New Jersey’s Supreme Court has put an exclamation point to a message it has been sending since 2004, that police interrogators must not destroy notes of interviews with suspects. In State v. Dabas, decided July 30, the court reversed a murder conviction in a case in which a county investigator destroyed his handwritten notes after he prepared a written report of the defendant’s unrecorded portion of his interview. The destruction occurred in 2006, more than a full year after the defendant’s indictment, notwithstanding that the court in separate cases in 2004 and 2005 had expressly disapproved this note-destroying practice. (Even without those prior cases, discovery rules required that the notes be disclosed in the post-indictment discovery package.) Although reversal of a murder conviction is not a step to be taken lightly, we agree with the court’s action — as well as the additional remedy it imposed, namely, that at defendant’s retrial he is entitled to an adverse inference instruction to the jury.

In Dabas, the defendant was charged with murdering his wife in 2004. An investigator from the Middlesex County Prosecutor’s Office interviewed the defendant, taking handwritten notes of the two-hour, unrecorded conversation.

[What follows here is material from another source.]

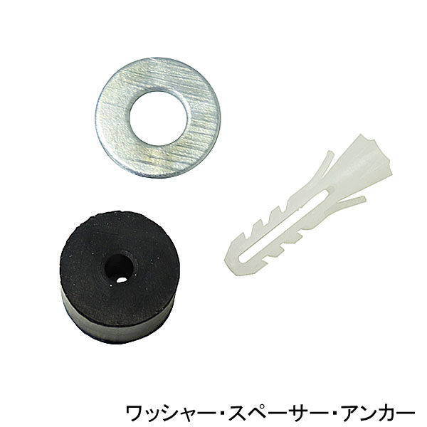 ●壁面取付用アンカー(コンクリート、モルタル用)、取付ネジ、ワッシャー、スペーサーが付属しております。
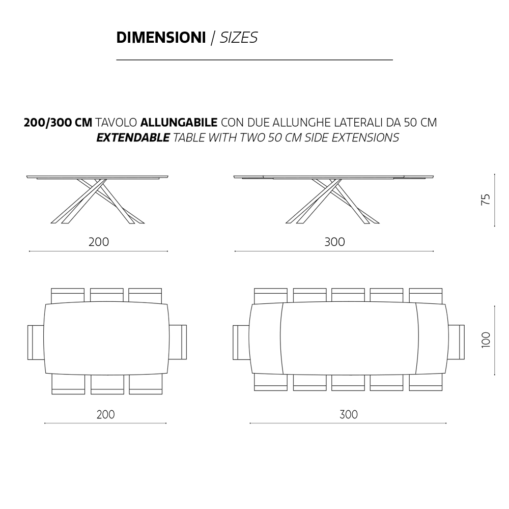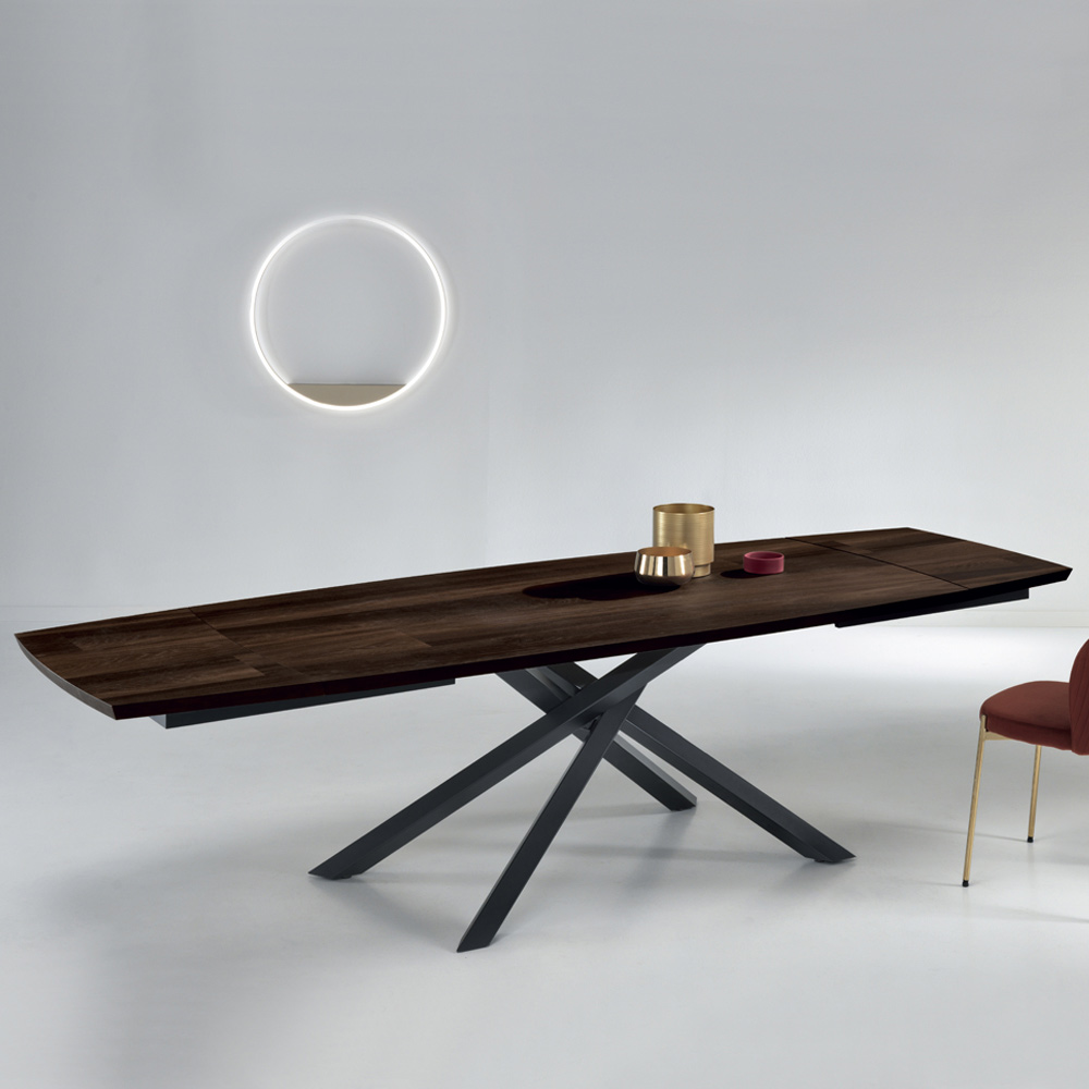 modernitatea bazei metalice dau viață unei soluții de amenajare capabilă să dea o viață nouă spațiilor casnice cu un stil modern, câștigând centrul atenției și devenind astfel adevăratul protagonist al încăperii. . cameră. Particularitatea sa este reprezentată de posibilitatea extinderii blatului până la o lungime maximă de 250 sau 300 cm pentru a putea găzdui confortabil prietenii și rudele în timpul prânzurilor și cinelor cu prietenii.

The police then conducted a 15-minute conversation that was recorded on tape. Most of the questions asked of the defendant during the taped interview were leading in nature and had been formed on the basis of the investigator’s handwritten notes from the nontaped portion. In 2006, over a year after the indictment, the investigator prepared a written report of the interview and then destroyed his handwritten notes without providing them in discovery. According to the prosecutor’s office, this was done “in accordance with police practice at the time.” At trial, in 2007, the state convicted defendant in part on the testimony of the investigator who testified about the purported nontaped admissions of defendant.